The second speaker on this panel was Peter Grant (a communications attorney at McCarthy Tetrault and a member of the Canadian Cultural Sectoral Advisory group). Mr. Grant made a presentation entitled The Evolution of Trade Rules for Cultural Products and Goods. His presentation focused primarily on legal issues and Canadian participation in international organizations. He argued that the evolution of international trade rules is culminating is an attempt to develop rules for the internationalization of cultural goods and services. These are not aimed at protecting the status quo, but rather the notion that nations develop rules that make sense according to their own rationale. He stressed the widening gap between international law, and attending norms, and national preferences and priorities.
The discussion that ensued focused on the question of what governments could or should do to achieve cultural diversity and promote particular values and priorities. Goff asked how will we know when we have achieved cultural diversity and whether our "tests" will change over time. Robert Jackson wanted to know, "realistically", what is the likelihood of governments achieving their goals in the face of changing technological realities. Grant noted that this problem would differ from country to country. The proposed instrument gives broad rights to individual states to decide what heritage/culture to protect or subsidize and how to deal with technological challenges. The problem is most pronounced in highly developed countries. Grant also noted that at present the international mood is open to government regulation, but for how long is an open question.
Pamela Stern (an anthropologist at UCB and the conference rapporteur) asked whether Canada’s view of its moral position in the world caused it to take a leadership role on the international protection of cultural diversity? Others wondered whether political personalities were an issue. Motzney suggested that the matter was largely driven by Canada’s proximity to the United States. Grant agreed that it is mainly a practical issue as opposed to a moral position. Browne added that his understanding is that Canada has traditionally understood cultural diversity to mean cultural diversity within its borders.

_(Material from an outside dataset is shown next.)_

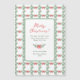 Estas impresionantes tarjetas de vacaciones magnéticas de estilo vintage presentan un diseño de Navidades colorido y caprichoso. Un arco rojo brillante está rodeado por un follaje botánico de color agua verde, y un patrón de vacaciones retro a juego con un fondo blanco conforma el marco exterior. La tipografía de escritura de moda dice "Feliz Navidad".

The first speaker in panel three was Colin Robertson, the Consul General of Canada in Los Angeles. He used a highly image-intensive power point presentation to drive home the message that the US culture industry is dominated by two realities: image and technology. He noted that entertainment is the main US export and certainly a key element in the California economy. He suggested further that there is currently both horizontal and vertical integration in the information industries. This is worrying for a number of reasons. The impression is that technology makes all things possible. Canada views culture as part of sovereignty whereas the United States sees culture as part of financial capital and, in the end, sees cultural industries as industries and not vehicles for values. Robertson concluded by suggesting that Canada should do a better job promoting its domestic industries to Canadians.
The last speaker of the afternoon was Ted Magder, the Director of the Communications Studies program at NYU. His presentation was titled ‘Runaway Production and Split-run Magazine Case’. According to Magder, and contrary to popular belief, the United States does have a policy on culture and on cultural industries. The primary distinction between US and Canadian policy has to do with the difference between culture as a store of value (and values) and culture as an industry. Canadian law prohibits the importation of split-run magazines where advertising is the sole content difference, but Time Warner attempted to avoid this prohibition by electronically transporting the content of an issue of Sports Illustrated. A runaway production refers to US domestic culture produced abroad. Profit margins in the film and television are currently less than 9%. US entertainment industries do production work in Canada, mainly for cost related reasons. Canada has been particularly successful in capturing this work. The result in the United States, however, is a disgruntled labor force. To complicate matters even more, the multi-national nature of production and distribution make it nearly impossible to definitively label products as belonging to one nation or another. In the end, the problem is a political one, a practical one, and an ideological one.
During the discussion period Robertson suggested that the Magder thesis was driven too much by a mercantilist approach. One could argue that there are no runaway productions, just a Canadian niche labor market and an exchange rate situation that favors Canadian locations. Browne argued further that the United States has a cultural promotion strategy that Canada might do well to copy. Goff noted that the proposed Cultural Instrument presumes continued Hollywood domination of cultural production.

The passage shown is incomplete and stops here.